By Brent McKnight | Updated

This article is more than 2 years old

GodzillaSo, after what seemed like forever, director Gareth Edwards’ Godzilla reboot is finally here, and we enjoyed it thoroughly. You might have noticed that it is absolutely crushing the box office this weekend, even earning more than The Amazing Spider-Man 2 during its debut. We’ve been writing about this extensively during the build up, and reviewed the movie before it came out last week, but that’s not nearly enough for a film of this magnitude. So Nick and Brent sat down and traded their thoughts back and forth. Don’t worry, we left out the really inappropriate stuff.

Be warned there are massive SPOILERS beyond this point. Don’t read on unless you’ve seen Godzilla

Brent: I loved this movie, a lot, and I know you really enjoyed it, too, but one thing that really surprised me over the course of the weekend is the hate. A lot of people feel the way we do, but I’ve encountered more people than I expected, both critics and fans, who are totally mad at this movie. I understand not liking it, but there is some intense hatred, for a variety of reasons. Even more so than a movie like Pacific Rim, which also totally divided people.

Nick: Here’s my stance against the “They didn’t show Godzilla enough” argument. This is essentially an origin story, and origin stories tend not to deliver the “hero” right away, letting anticipation build until the third act’s major sequences. It’s set up exactly the same here, but for some reason people were expecting Godzilla to just be front and center without explanation.

Spending a good chunk of time just watching him destroy things and chasing the other monsters could have been spiced up, but there’s no way a Hollywood movie with this kind of budget would just allow its biggest character to start the film off stomping apartment buildings. They think people are too dumb for that. Would it have been awesome? Yes. But was it expected? Not in the least.

Brent: Such a huge part of the tension of the movie is the buildup until we actually see Godzilla. To be honest, they didn’t wait as long as I expected them to. In a movie like this, if you show the creature right away, you immediately show your hand. Part of what Edwards does really well here is that you expect the first monster you see to be the main attraction. There’s so much history here, so much familiarity with Godzilla, that when it turns out to be MUTO that hatches at the nuclear plant site, it’s very much a misdirection move.

Nick: Agreed, but really only for Godzilla fans. If this were an unrelated monster movie, that expectation wouldn’t be there. I really want to see it with my wife, who has never seen any of the films to my knowledge, though it’s impossible for her not to know the legacy. I kept trying to think of it as a completely different movie from everything I knew about Godzilla.
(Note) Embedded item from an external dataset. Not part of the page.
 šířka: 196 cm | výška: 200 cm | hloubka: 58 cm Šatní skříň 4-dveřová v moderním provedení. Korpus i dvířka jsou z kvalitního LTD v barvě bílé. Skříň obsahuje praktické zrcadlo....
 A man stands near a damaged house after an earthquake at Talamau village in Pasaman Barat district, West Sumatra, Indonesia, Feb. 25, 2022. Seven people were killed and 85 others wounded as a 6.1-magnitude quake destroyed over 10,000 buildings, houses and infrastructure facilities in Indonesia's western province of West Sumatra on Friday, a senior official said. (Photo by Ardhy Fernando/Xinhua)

Brent: That’s hard to do. Godzilla is one of those pieces of pop culture that is so ubiquitous that even people who have never seen an actual movie still know who and what he is.

Nick: Yeah. So it’s better that they got into the MUTOs first, to me, because they were the strangers that nobody knew much about. Now, using new monsters rather than appealing to the fan desire to see recognizable villains is a different issue.
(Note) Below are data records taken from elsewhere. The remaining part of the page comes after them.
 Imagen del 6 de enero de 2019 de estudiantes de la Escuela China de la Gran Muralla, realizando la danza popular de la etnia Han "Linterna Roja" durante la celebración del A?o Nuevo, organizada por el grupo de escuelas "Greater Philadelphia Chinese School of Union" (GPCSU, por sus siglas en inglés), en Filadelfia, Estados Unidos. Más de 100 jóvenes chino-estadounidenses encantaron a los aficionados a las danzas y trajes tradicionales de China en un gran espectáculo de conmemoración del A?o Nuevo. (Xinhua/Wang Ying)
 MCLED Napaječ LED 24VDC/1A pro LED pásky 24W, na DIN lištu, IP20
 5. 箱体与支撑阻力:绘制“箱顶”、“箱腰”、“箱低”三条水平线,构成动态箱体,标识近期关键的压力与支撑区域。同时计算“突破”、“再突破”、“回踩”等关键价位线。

Brent: It’s a balance of old and new that I kind of liked. Right from the opening credits, with all of that redacted stuff and the newsreel footage, they tap into the more than half a century of history that this franchise brings with it. And that’s another thing that I think Edwards and company do well, keeping the old and fitting the story into the existing framework, while at the same time trying to put their own stamp on it. In order to satisfy fans, especially after Roland Emmerich’s 1998 version, Godzilla has to look and feel a certain way, but the new creatures allow them to do something completely their own. Even if they do look a little like the bugs from Starship Troopers.